WORK TASK. Look for the line containing "Tištěno na ručním" and the line containing "整体来看,关税取消提供了准入" in the entries below. Copy those two and all lines between them exactly, leaving out pictures.

Extracted records
%%
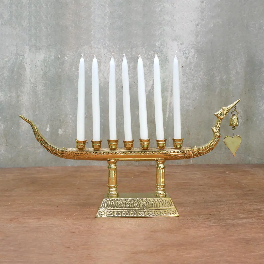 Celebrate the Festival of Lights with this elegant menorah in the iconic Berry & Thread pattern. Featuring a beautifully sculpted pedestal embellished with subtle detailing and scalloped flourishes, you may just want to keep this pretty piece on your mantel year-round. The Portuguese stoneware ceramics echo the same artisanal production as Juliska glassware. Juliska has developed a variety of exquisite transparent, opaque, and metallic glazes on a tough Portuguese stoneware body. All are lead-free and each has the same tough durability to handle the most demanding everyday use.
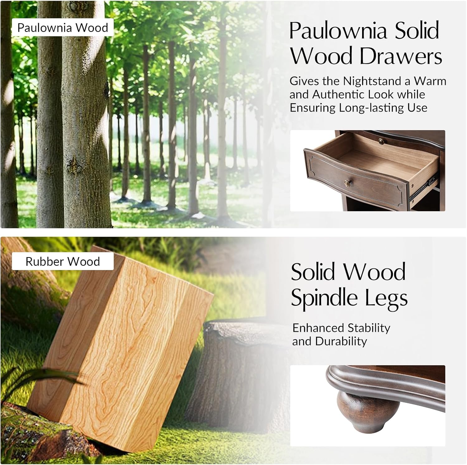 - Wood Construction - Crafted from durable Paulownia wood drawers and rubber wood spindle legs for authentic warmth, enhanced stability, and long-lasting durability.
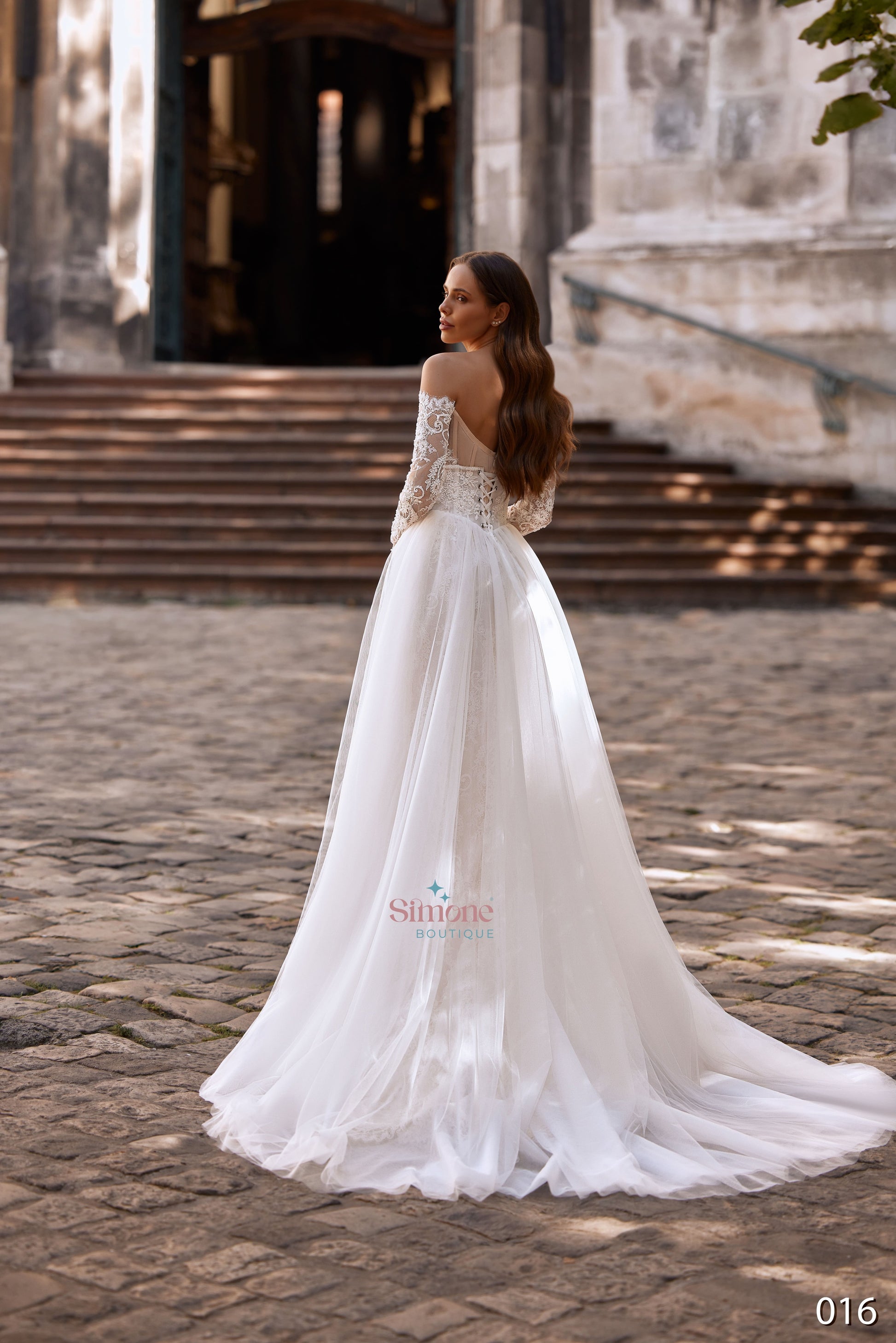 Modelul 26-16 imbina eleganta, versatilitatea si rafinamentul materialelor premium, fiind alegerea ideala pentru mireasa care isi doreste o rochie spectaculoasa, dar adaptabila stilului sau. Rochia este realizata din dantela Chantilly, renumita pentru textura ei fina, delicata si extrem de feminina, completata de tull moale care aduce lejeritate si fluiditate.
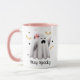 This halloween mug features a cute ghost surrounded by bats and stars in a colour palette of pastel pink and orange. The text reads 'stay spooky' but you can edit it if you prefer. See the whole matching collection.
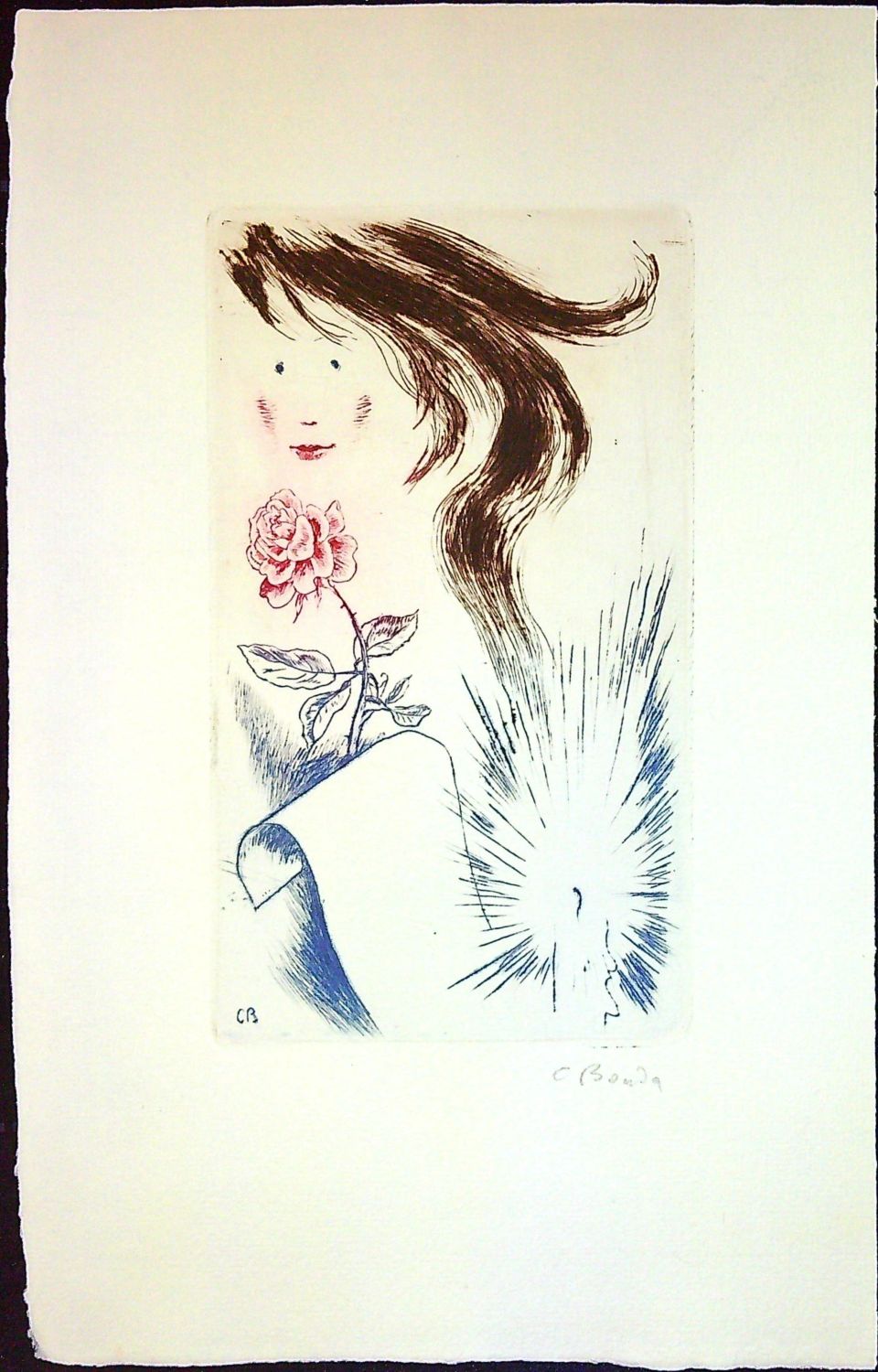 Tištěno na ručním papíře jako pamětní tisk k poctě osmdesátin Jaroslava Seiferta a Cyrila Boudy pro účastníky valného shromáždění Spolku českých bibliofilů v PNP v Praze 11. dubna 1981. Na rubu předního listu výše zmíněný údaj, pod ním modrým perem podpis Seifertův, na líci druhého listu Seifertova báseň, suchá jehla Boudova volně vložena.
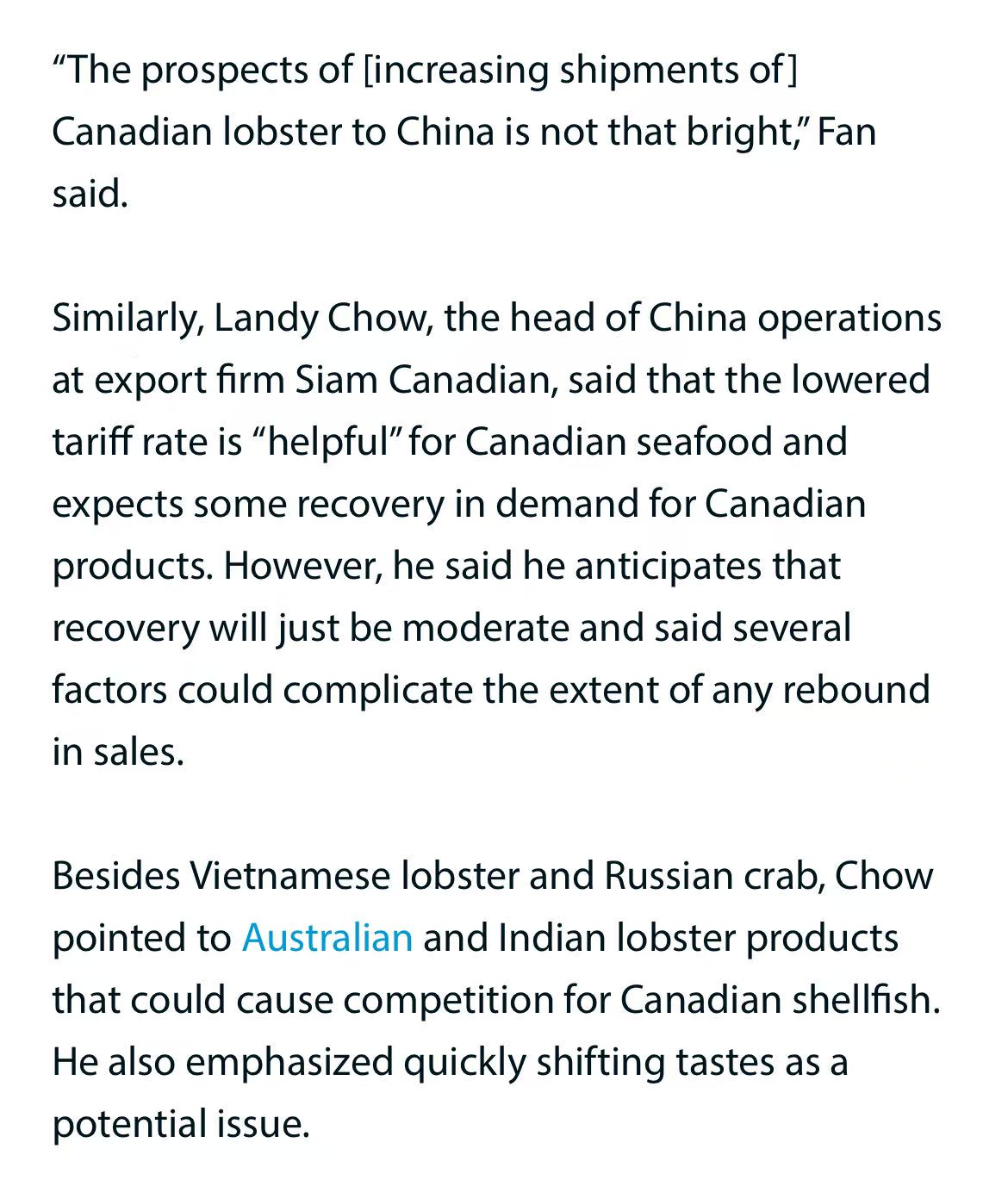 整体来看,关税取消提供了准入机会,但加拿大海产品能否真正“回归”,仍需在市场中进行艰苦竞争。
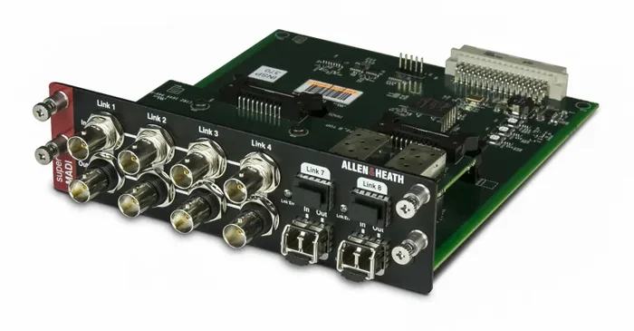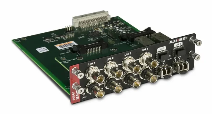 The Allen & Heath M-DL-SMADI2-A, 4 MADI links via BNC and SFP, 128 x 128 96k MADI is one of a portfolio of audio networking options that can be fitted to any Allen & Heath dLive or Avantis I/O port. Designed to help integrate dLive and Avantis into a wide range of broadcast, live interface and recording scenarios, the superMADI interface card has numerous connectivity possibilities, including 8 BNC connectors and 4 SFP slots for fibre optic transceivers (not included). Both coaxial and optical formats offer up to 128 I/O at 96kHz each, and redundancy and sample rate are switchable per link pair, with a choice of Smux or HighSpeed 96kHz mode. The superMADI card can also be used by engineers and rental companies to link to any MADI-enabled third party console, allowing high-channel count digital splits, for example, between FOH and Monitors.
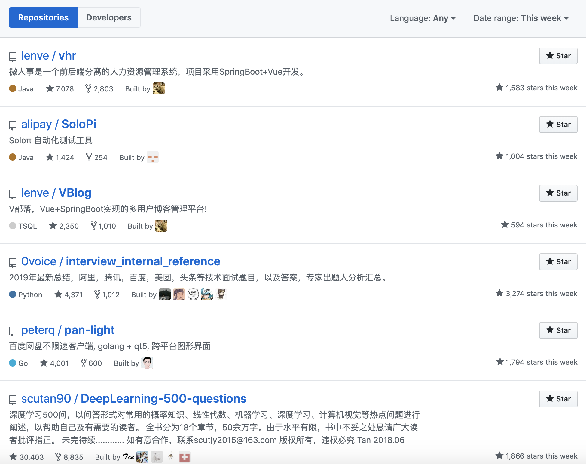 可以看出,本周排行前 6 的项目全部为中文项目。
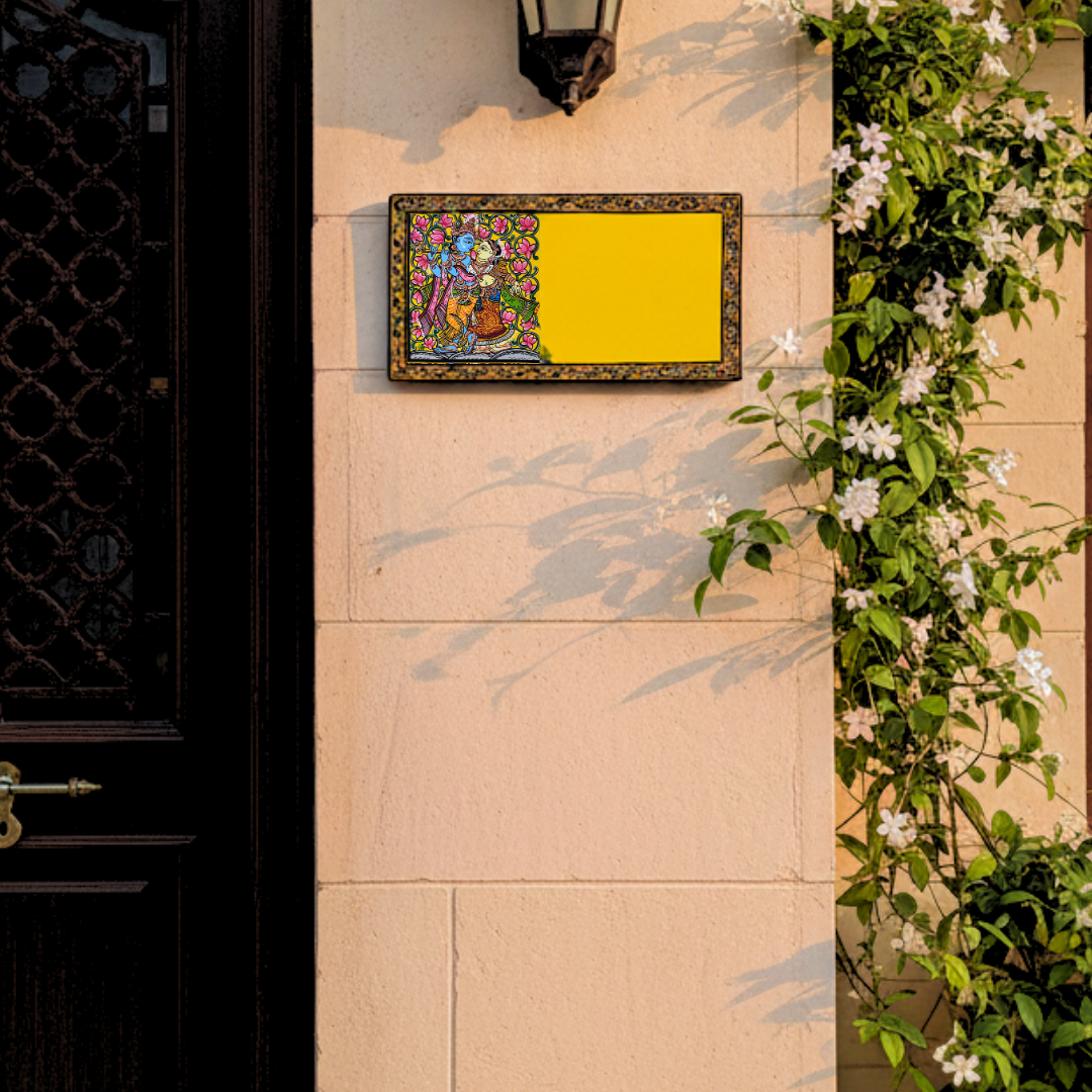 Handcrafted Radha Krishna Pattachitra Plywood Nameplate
%%
RESULT OF THE TASK.
 Tištěno na ručním papíře jako pamětní tisk k poctě osmdesátin Jaroslava Seiferta a Cyrila Boudy pro účastníky valného shromáždění Spolku českých bibliofilů v PNP v Praze 11. dubna 1981. Na rubu předního listu výše zmíněný údaj, pod ním modrým perem podpis Seifertův, na líci druhého listu Seifertova báseň, suchá jehla Boudova volně vložena.
 整体来看,关税取消提供了准入机会,但加拿大海产品能否真正“回归”,仍需在市场中进行艰苦竞争。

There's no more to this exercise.